→ The problem: A word-for-word copy of the listing, free of images, is the expected answer.

(Information shown begins)

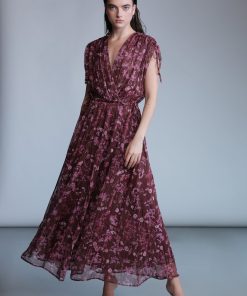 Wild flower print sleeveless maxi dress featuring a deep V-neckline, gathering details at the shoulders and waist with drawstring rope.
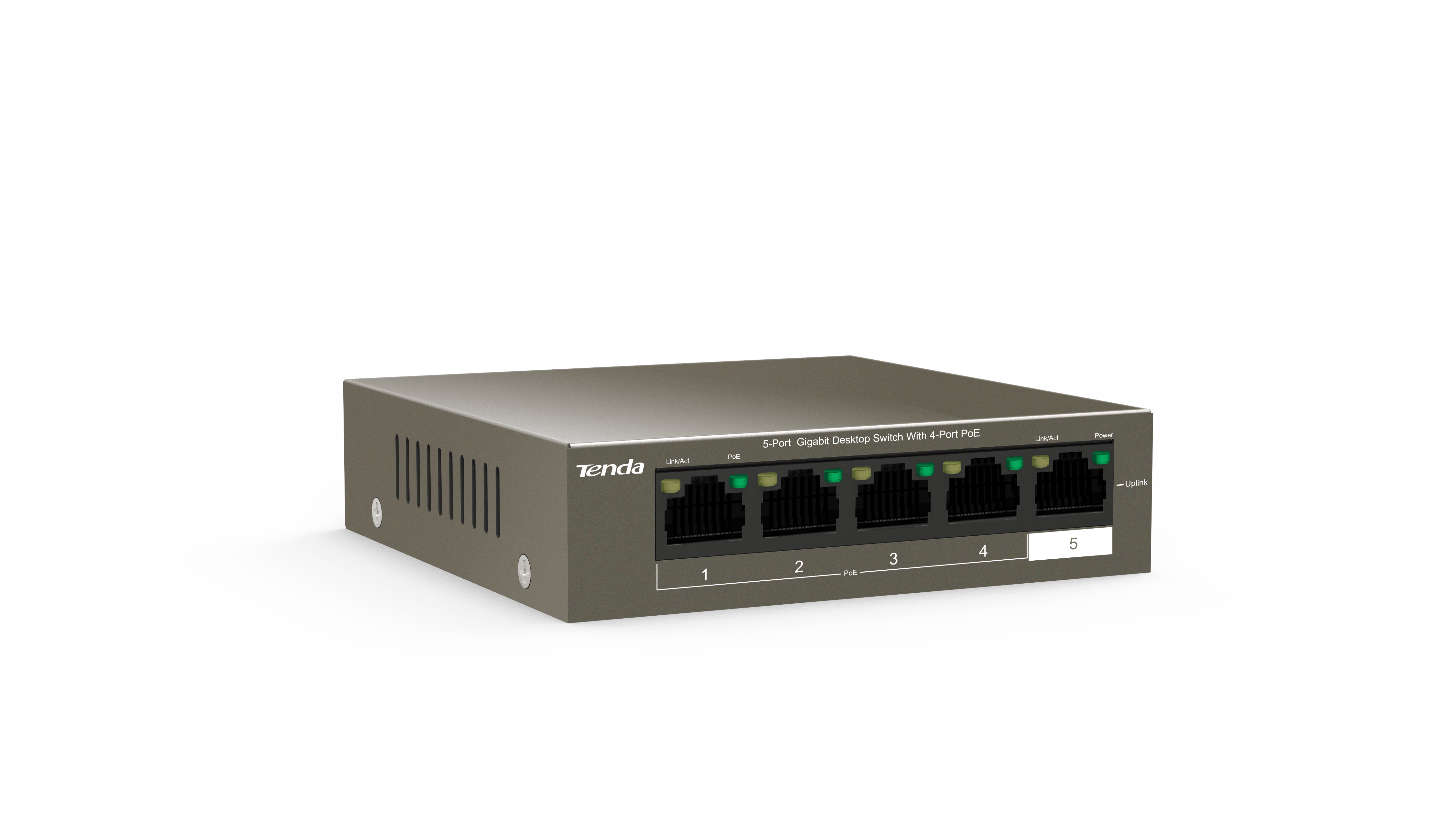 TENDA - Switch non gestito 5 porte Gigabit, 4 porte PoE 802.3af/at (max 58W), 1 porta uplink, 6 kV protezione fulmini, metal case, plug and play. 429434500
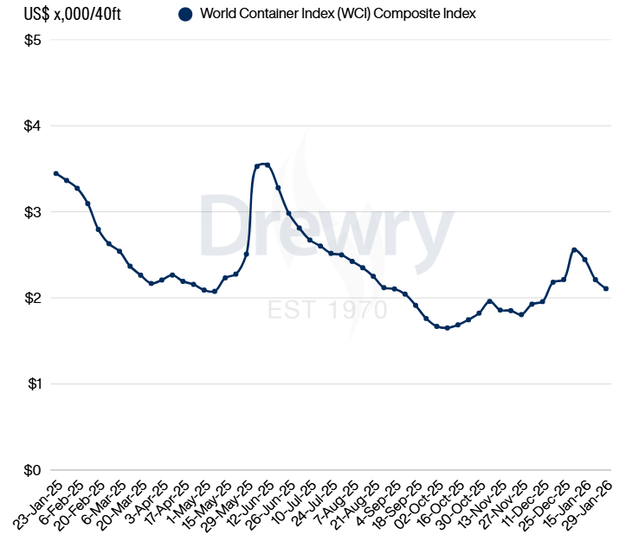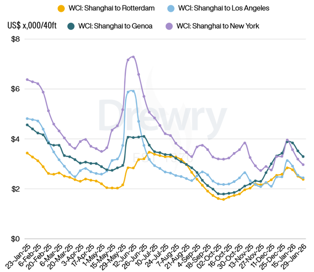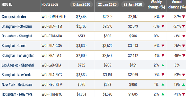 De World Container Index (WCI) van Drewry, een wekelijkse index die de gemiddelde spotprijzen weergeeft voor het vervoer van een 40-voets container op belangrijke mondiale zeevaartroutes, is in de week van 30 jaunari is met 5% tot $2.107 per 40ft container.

(Information shown ends)

→ Reply:
 Wild flower print sleeveless maxi dress featuring a deep V-neckline, gathering details at the shoulders and waist with drawstring rope.
 TENDA - Switch non gestito 5 porte Gigabit, 4 porte PoE 802.3af/at (max 58W), 1 porta uplink, 6 kV protezione fulmini, metal case, plug and play. 429434500
 De World Container Index (WCI) van Drewry, een wekelijkse index die de gemiddelde spotprijzen weergeeft voor het vervoer van een 40-voets container op belangrijke mondiale zeevaartroutes, is in de week van 30 jaunari is met 5% tot $2.107 per 40ft container.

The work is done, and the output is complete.